DEPENDENCY OF TREPONEMA MICRODENTIUM ON OTHER ORAL ORGANISMS FOR ISOBUTYRATE, POLYAMINES, AND A CONTROLLED OXIDATION-REDUCTION POTENTIAL

S S Socransky 1, W J Loesche 1, C Hubersak 1, J B Macdonald 1
PMCID: PMC277277  PMID: 14197888

Abstract

Socransky, S. S. (Forsyth Dental Center, Boston, Mass.), W. J. Loesche, C. Hubersak, and J. B. Macdonald. Dependency of Treponema microdentium on other oral organisms for isobutyrate, polyamines, and a controlled oxidation-reduction potential. J. Bacteriol. 88:200–209. 1964.—Strains of Treponema microdentium can be cultivated on a variety of autoclaved commercially available media in the presence of other oral organisms. Organisms supporting growth in these circumstances include a facultative diphtheroid accompanied by either a strain of Fusobacterium or a motile gram-negative anaerobic rod. Culture filtrates and lysates of these “supporting organisms” failed to substitute for growing organisms. Measurement of the oxidation-reduction potential of the test system demonstrated that the spirochetes grew in a narrow range of Eh (optimum, −190 mv). The supporting organisms could be replaced by their filtrates when the Eh of the medium was poised in this range by a combination of reducing agents. Both filtrates contained a heat-labile factor required by the spirochete, which could be replaced by 5 μg/ml of cocarboxylase.
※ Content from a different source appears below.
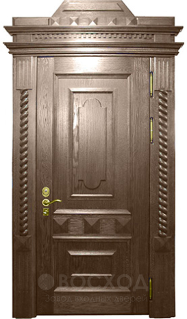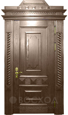 Эксклюзивная высокая дверь №16 создана для просторных входных групп в коттеджах и загородных домах, где стандартные размеры выглядят скромно. Увеличенная высота придаёт входу торжественность и подчёркивает архитектурный замысел, а прочная основа из стального каркаса с листом металла 2 мм и рёбрами жёсткости обеспечивает надёжность и защиту. Снаружи и внутри дверь отделана массивом дерева, что придаёт ей солидный вид и делает акцент на натуральной красоте фактуры. Такая поверхность устойчива к механическим повреждениям, не боится влаги и со временем приобретает ещё более благородный оттенок. Два контура уплотнения и резиновый уплотнитель помогают удерживать тепло и препятствуют проникновению шума. Эксклюзивность заключается не только в размере, но и в возможности выполнить отделку и дизайн по индивидуальному проекту, превращая дверь в центральный элемент фасада.
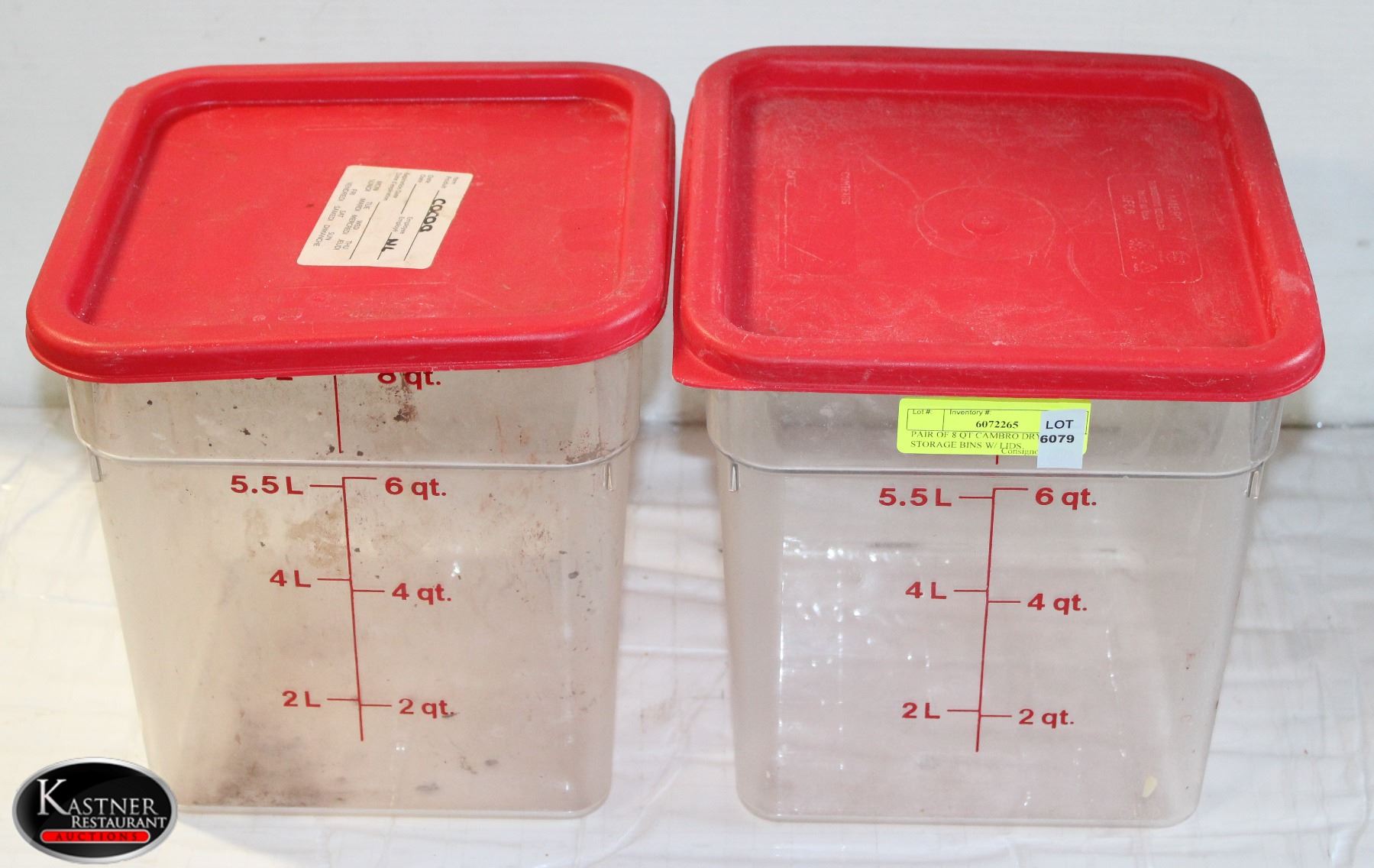 PAIR OF 8 QT CAMBRO DRY STORAGE BINS W/ LIDS

Isobutyric acid, which could be detected in the fusiform filtrate, and putrescine which could be detected in the diphtheroid filtrate, replaced the spirochete's remaining filtrate requirement. Maximal growth occurred when any of the following were incorporated into the medium: 2 μg/ml of sodium isobutyrate; 250 μg/ml of putrescine dihydrochloride; 200 μg/ml of spermidine phosphosphate, or 150 μg/ml of spermine tetrahydrochloride.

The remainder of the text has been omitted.